Udo Walz: Sein letzter Wunsch geht nicht in Erfüllung

Wenige Tage nach Udo Walz´ Tod ist Deutschland noch immer sprachlos. Und das wird nicht besser, nachdem jetzt klar wurde, welcher Wunsch für den einstigen Starfriseur für immer unerfüllt bleibt.


„Udo hat immer gesagt, mein Sarg muss den Ku´damm heruntergefahren werden und vor meinem Laden muss noch mal Halt gemacht werden“, erklärt sein bester Freund René Koch den letzten Wunsch in einem Interview. Auf Grund der Corona-Pandemie wird dieser nun aber nicht mehr in Erfüllung gehen.
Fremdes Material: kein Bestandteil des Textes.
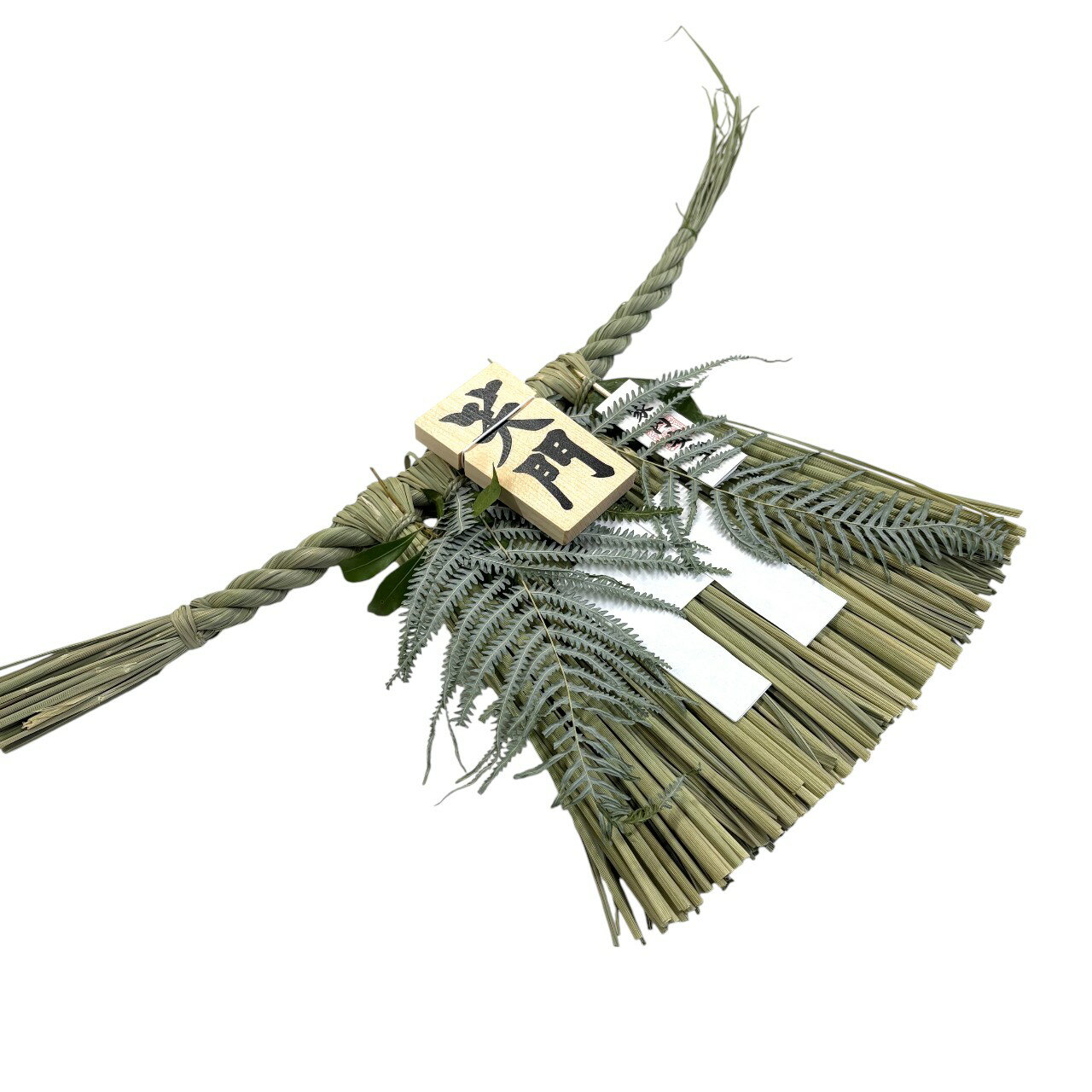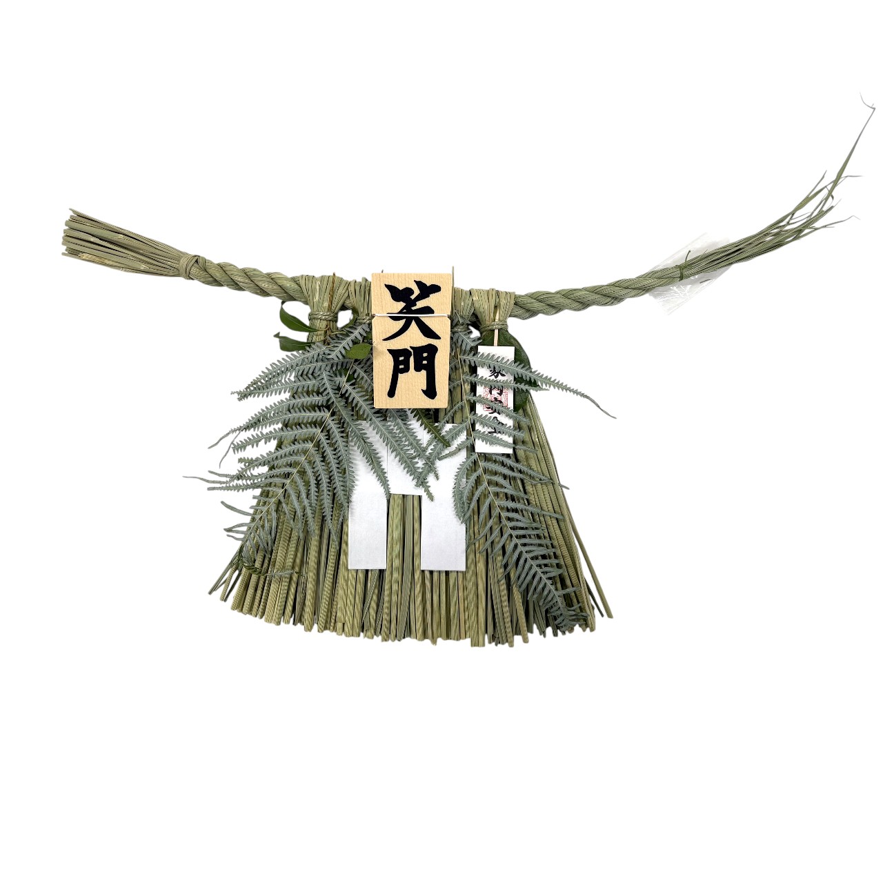 PRODUCT DETAILS 商品名 伊勢しめ縄 ミニサイズ 蘇民将来 笑門 サイズ 横::約50cm 縦:約26cm 素材 稲わら(本体)、ひのき(木札)、裏白(縁起装飾)、紙(紙垂) 商品説明 【伊勢しめ縄】 新年を迎えるにふさわしい、伊勢地方の伝統工芸「伊勢しめ縄」。 「伊勢のしめ縄」 伊勢志摩地方三重県伊勢地方では、蘇民将来(そみんしょうらい)の民話に由来する「蘇民将来子孫家門」と書かれた木札のしめ縄を、無病息災、家内安全を願う魔除けとして一年中玄関先に飾る風習があります。 飾りやすいミニサイズをご用意しました。 本品は、地元伊勢の職人が一つひとつ手作業で仕上げた伝統工芸品です。使用する素材にもできる限り地元伊勢産を使用することにこだわった逸品です。 玄関先などに飾ることで、清らかな気を招き、心新たに一年を始めることができます。 注意事項 お使いの端末やモニターの閲覧環境により、写真と実物の色味や質感が多少異なって見えることがございます。12月中旬以降に順次発送いたします。着日指定やお急ぎの配送は出来かねます。全て手作りのためサイズに若干の誤差は生じます。 商品キーワード しめ縄 正月飾り 伊勢しめ縄 笑門 蘇民将来 左太しめ縄 縁起物 魔除け 疫病除け 手作りしめ縄 伊勢志摩 伝統工芸 一年中 飾れる 玄関飾り 伊勢産 素材 厄除け 開運グッズ 神道 飾り お正月準備 和風インテリア伊勢しめ縄 ミニサイズ 蘇民将来・笑門(2種) 【数量限定|伊勢の伝統を今に伝える厄除けしめ縄】 伊勢地方の民話「蘇民将来(そみんしょうらい)」に由来する、無病息災・家内安全を願う縁起物しめ縄です。 古来より玄関に飾ることで災いを遠ざけ、福を呼び込むとされています。 本商品は、以下の2種類の木札をご用意しております: ● 笑門(しょうもん) 「笑う門には福来る」の言葉にちなみ、笑顔あふれる一年を願う縁起札です。 ● 蘇民将来(そみんしょうらい) 厄除け・魔除けの意味を持つ由緒ある札。災厄から家族を守る護符として信仰されています。 数量限定のため、なくなり次第終了となります。お早めにお求めください。 【商品サイズ】 横:約50cm(最長部) 縦:約20cm ご自宅用だけでなく、新築祝いや開店祝いにも最適な縁起物です。 日本の伝統を玄関先に飾って、一年を健やかにお過ごしください。

Traurig, wenn man bedenkt, dass Udo Walz zu Lebzeiten ein sehr geselliger Mensch war und kaum eine Party ausließ. Noch im Frühling diesen Jahres erklärte er in einem Interview: „„Ich vermisse meine Mitarbeiter und auch meine Kunden sehr. Ich bin ja ein sehr geselliger Mensch und brauche die sozialen Kontakte.“ Der einzige Trost, der Udo jetzt bleibt: Alle seine Freunde und Bekannten dürften in diesen schweren Tagen und ihr gesamtes weiteres Leben mit Wärme im Herzen an ihn zurückdenken.
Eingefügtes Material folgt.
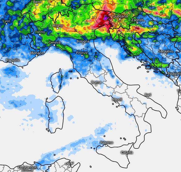 Nella seconda parte di giovedì e sino a venerdì ancora colpito il nord-est con precipitazioni anche abbondanti su tutto il Friuli Venezia Giulia e ancora fenomeni residui a spasso per la Valpadana.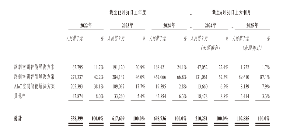 分业务来看,报告期内,智慧互通的收入主要来自路侧空间智能解决方案,其营收占比分别为42.2%、46%、66.8%和87.1%,持续上升。同期,AIoT空间智能解决方案营收占比从38.1%降至7.9%。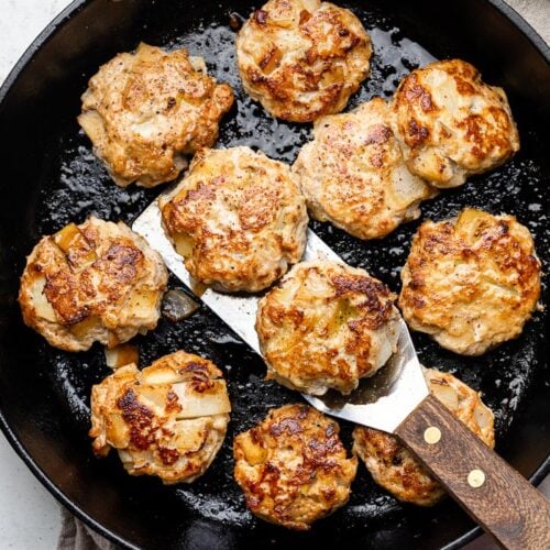 But making them at home is a total game-changer. They are made with fresh ingredients like real chunks of apple, diced onion, ground meat, and a little seasoning. There are no surprise ingredients too, which I’m sure you have seen if you have ever turned over your average store-bought sausages patties or links.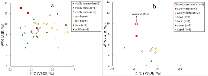 中国科学院古脊椎动物与古人类研究所的马姣、王元与复旦大学的胡耀武、德国图宾根大学的Hervé Bocherens等研究人员进行合作,综合利用多种生物地球化学的研究手段,对黑龙江省阎家岗遗址及俄罗斯远东地区的地理学会洞穴(Geographical Society Cave)的猛犸象-披毛犀动物群进行系统的古生态研究。碳氮稳定同位素分析揭示出两个遗址点的真猛犸象均以禾草类及苔草类(grasses/sedges)为主要食物来源,而披毛犀和野牛等动物的食物来源相较于真猛犸象更为灵活多样。基于质谱的动物考古学分析(Zooarchaeology by Mass SpectrometryZooMS)不仅提供了精确的动物种属鉴定结果,并且准确鉴定出一例阎家岗的王氏水牛样品。多个样品的碳十四测年结果为43,447/>41,964-38,204 14C BP,比阎家岗遗址在上世纪八十年代发表的测年结果明显偏早。本研究近期在线发表于国际专业杂志《国际第四纪》(Quaternary International)。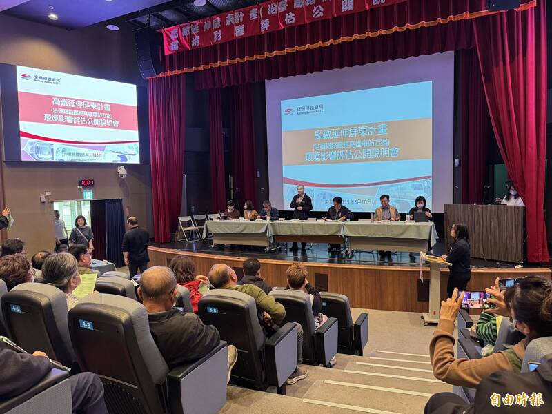 高鐵延伸屏東計畫今(10)日上午在高雄舉辦環境影響評估公開說明會,會中不少高雄車站周邊居民表達強烈憂慮,指出鐵路地下化工程歷經20年施工,好不容易迎來發展契機,如今又將面臨高鐵工程的衝擊,另也不滿環評只做工程對貓頭鷹等生態棲地的影響,卻沒有「人的影響評估」。高鐵延伸屏東計畫將從高雄左營站延伸至屏東台糖六塊厝農場,全長26.2公里,並新建高雄站(地下)、屏東站(高架)及1處維修基地,路線行經高雄市左營、鼓山、三民、鳳山、鳥松、大寮、大樹區及屏東市等8個行政區,其中,左營到大寮段為地下段,大寮至屏東則為高架段。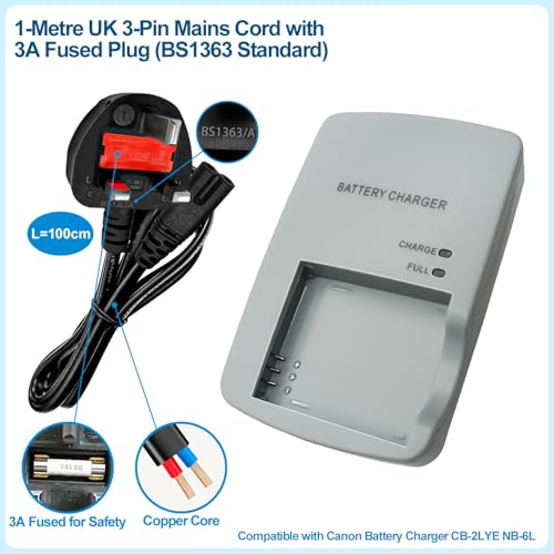 - BS1363-Certified UK Plug – Includes a 1-metre 3-pin UK mains cable with 3A fuse plug for stable, safe charging worldwide, and protection against short circuits, for Nikon NB-6L battery charger.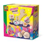Odkryj geody! Dzięki temu zestawowi SES Creative dzieci mogą odkrywać prawdziwe geody i eksponować je na drewnianym stojaku w kształcie jednorożca. Rozbij geody młotkiem i zacznij je dekorować. Dzięki sześciu kolorom farby dzieci mogą ozdobić geody różnymi zabawnymi kolorami. Te wspaniałe kryształy będą wyglądać jeszcze bardziej oszałamiająco! Pomaluj stojak, aby najlepsze kryształy znalazły się w eksponowanym miejscu na Twojej wystawie.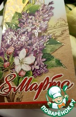 В этом году перед 8 марта я получила замечательный сюрприз – открытку ручной работы от замечательной, талантливой и артистичной девушки, моей подруги Ольги Данциной. Открытка очень красивая и оригинально сделанная – она связана бантиками. Рисунок нежнейший, сделан, если я не ошибаюсь, акварельным карандашом, в нашей поваренковской теме. Оля, спасибо тебе огромное за такой душевный подарок и теплые слова. Ты сделала этот праздник еще ярче для меня.

Schon vor seinem Tod war es den engsten Freunden und Verwandten Walz´ nicht erlaubt, ihn in der Berliner Charité zu besuchen. René Koch hat trotz all diesem Drama aber Verständnis für die Maßnahmen: „Viele Menschen dürfen ja nicht zu ihren Verwandten gehen, wenn sie jetzt auf einer Intensivstation liegen“, meint er. Auch Udos Ehemann Carsten Thamm durfte nicht bei Udo sein. Selbst in den letzten Stunden in seinem Leben war Udo Walz gänzlich alleine. Ein Schicksal, dass einem das Herz zerreißt und mit dem vor vor allem Carsten Thamm nun zu kämpfen haben dürfte.
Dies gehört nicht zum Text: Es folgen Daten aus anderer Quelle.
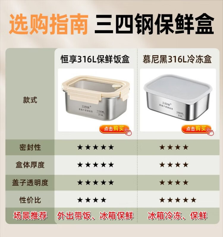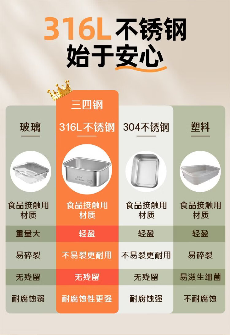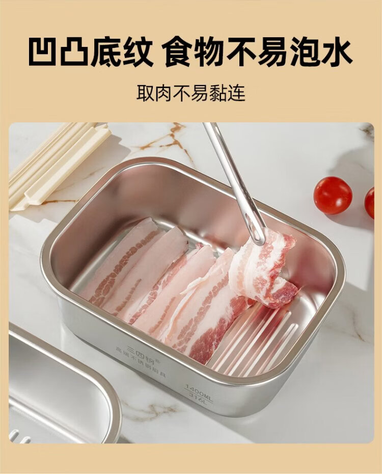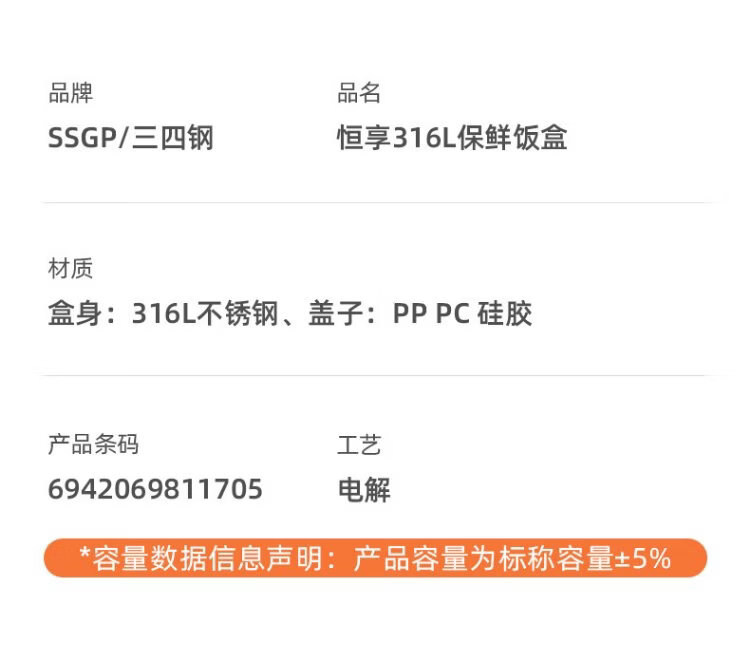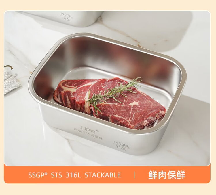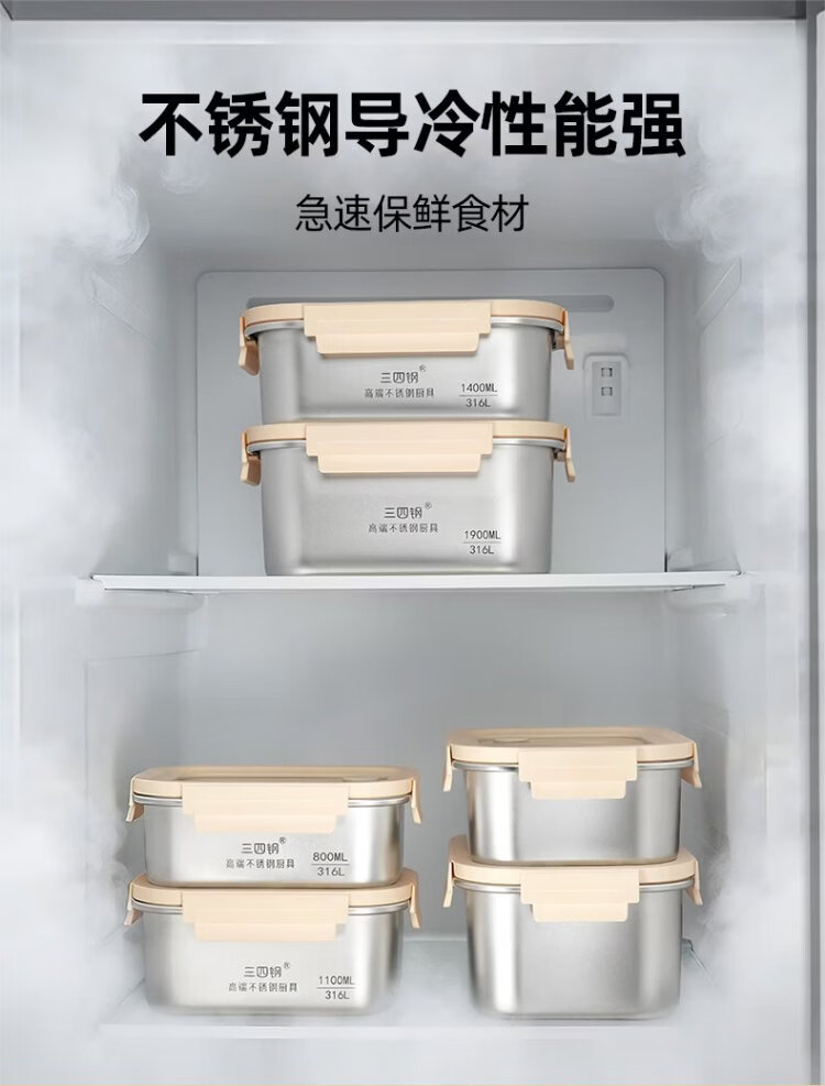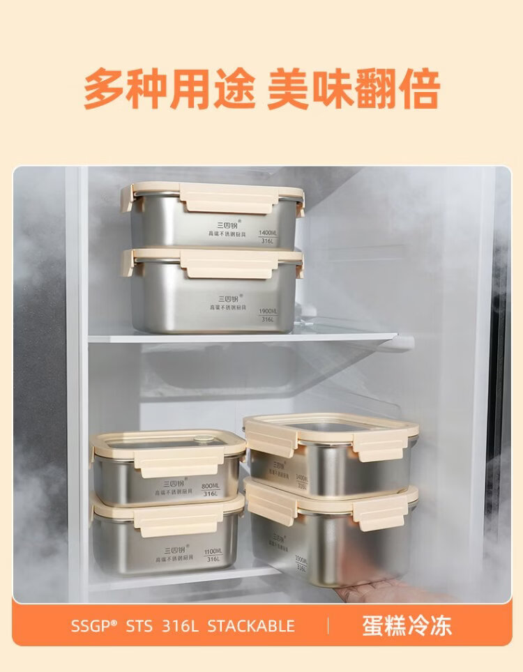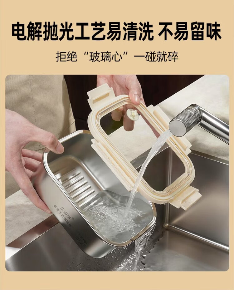 Sansi Steel crisper stainless steel lunch box 316L sealed lunch box fruit lunch box for primary school students 1100ml 38422

Walz starb an multiplem Organversagen. 14 Tage zuvor erlitt der Friseur bereits einen Diabetes-Schock, von dem er sich nicht wieder erholte und in Folge ins Koma fiel. „Udos Diabetes war auch schon fortgeschritten. Und er hat sich auch nicht immer so ganz an alles gehalten. Er hat auch gerne mal Kuchen und Eis gegessen. Das war eben Udo!“, erinnert sich Koch an seinen besten Freund.